◆ INFORMATION SUPPLIED:
####
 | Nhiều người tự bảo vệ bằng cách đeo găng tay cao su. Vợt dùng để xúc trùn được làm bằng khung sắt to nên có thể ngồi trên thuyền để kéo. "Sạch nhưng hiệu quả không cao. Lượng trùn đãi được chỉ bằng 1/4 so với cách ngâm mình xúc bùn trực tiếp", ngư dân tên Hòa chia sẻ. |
####
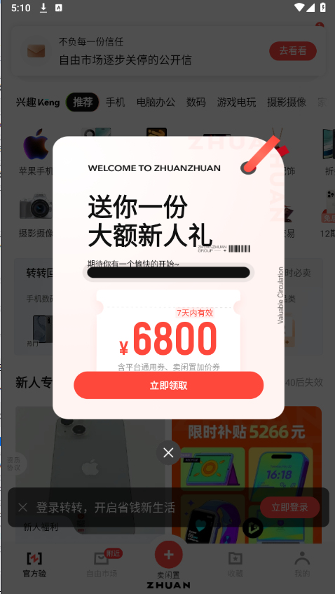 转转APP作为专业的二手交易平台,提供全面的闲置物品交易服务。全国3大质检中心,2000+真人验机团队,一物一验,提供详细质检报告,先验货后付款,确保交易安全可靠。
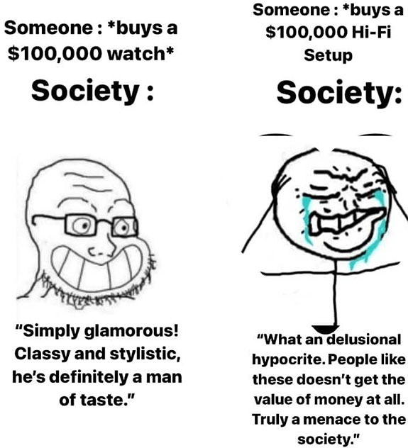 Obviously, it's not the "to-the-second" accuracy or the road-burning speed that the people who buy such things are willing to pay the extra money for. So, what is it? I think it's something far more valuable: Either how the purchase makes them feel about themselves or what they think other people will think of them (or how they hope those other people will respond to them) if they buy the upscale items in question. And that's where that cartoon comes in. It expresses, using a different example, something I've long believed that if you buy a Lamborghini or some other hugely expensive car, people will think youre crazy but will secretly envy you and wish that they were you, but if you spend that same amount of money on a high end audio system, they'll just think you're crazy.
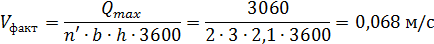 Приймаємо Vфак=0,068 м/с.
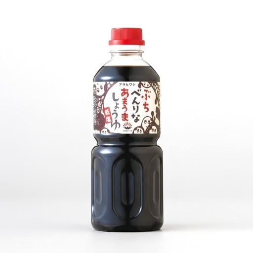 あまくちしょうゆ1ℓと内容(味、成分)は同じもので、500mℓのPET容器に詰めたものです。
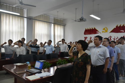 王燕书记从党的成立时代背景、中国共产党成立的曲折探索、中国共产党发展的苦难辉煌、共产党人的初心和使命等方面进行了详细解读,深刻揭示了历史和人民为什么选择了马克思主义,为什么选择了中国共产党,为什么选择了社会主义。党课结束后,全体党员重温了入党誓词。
####
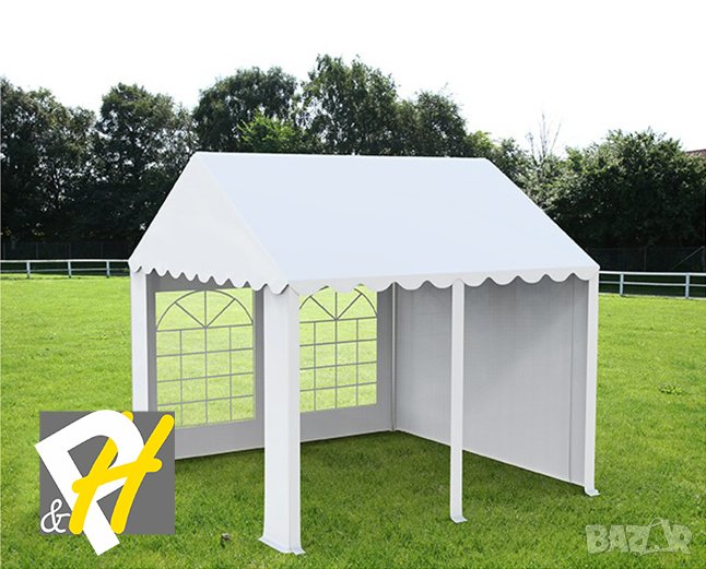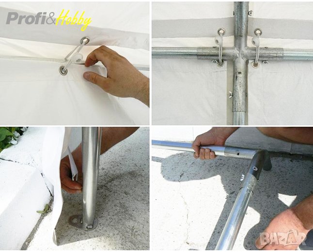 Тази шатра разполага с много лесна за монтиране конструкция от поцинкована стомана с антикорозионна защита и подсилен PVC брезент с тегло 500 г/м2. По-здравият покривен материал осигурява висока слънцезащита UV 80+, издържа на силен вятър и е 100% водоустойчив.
####
◆ WORK ORDER:
Each line between the one holding "转转APP作为专业的二手交易" and the one holding "あまくちしょうゆ1ℓと内容(味、成分)は", inclusive, should be copied exactly as it appears above, and pictures should be omitted.

◆ EXERCISE RESPONSE:
 转转APP作为专业的二手交易平台,提供全面的闲置物品交易服务。全国3大质检中心,2000+真人验机团队,一物一验,提供详细质检报告,先验货后付款,确保交易安全可靠。
 Obviously, it's not the "to-the-second" accuracy or the road-burning speed that the people who buy such things are willing to pay the extra money for. So, what is it? I think it's something far more valuable: Either how the purchase makes them feel about themselves or what they think other people will think of them (or how they hope those other people will respond to them) if they buy the upscale items in question. And that's where that cartoon comes in. It expresses, using a different example, something I've long believed that if you buy a Lamborghini or some other hugely expensive car, people will think youre crazy but will secretly envy you and wish that they were you, but if you spend that same amount of money on a high end audio system, they'll just think you're crazy.
 Приймаємо Vфак=0,068 м/с.
 あまくちしょうゆ1ℓと内容(味、成分)は同じもので、500mℓのPET容器に詰めたものです。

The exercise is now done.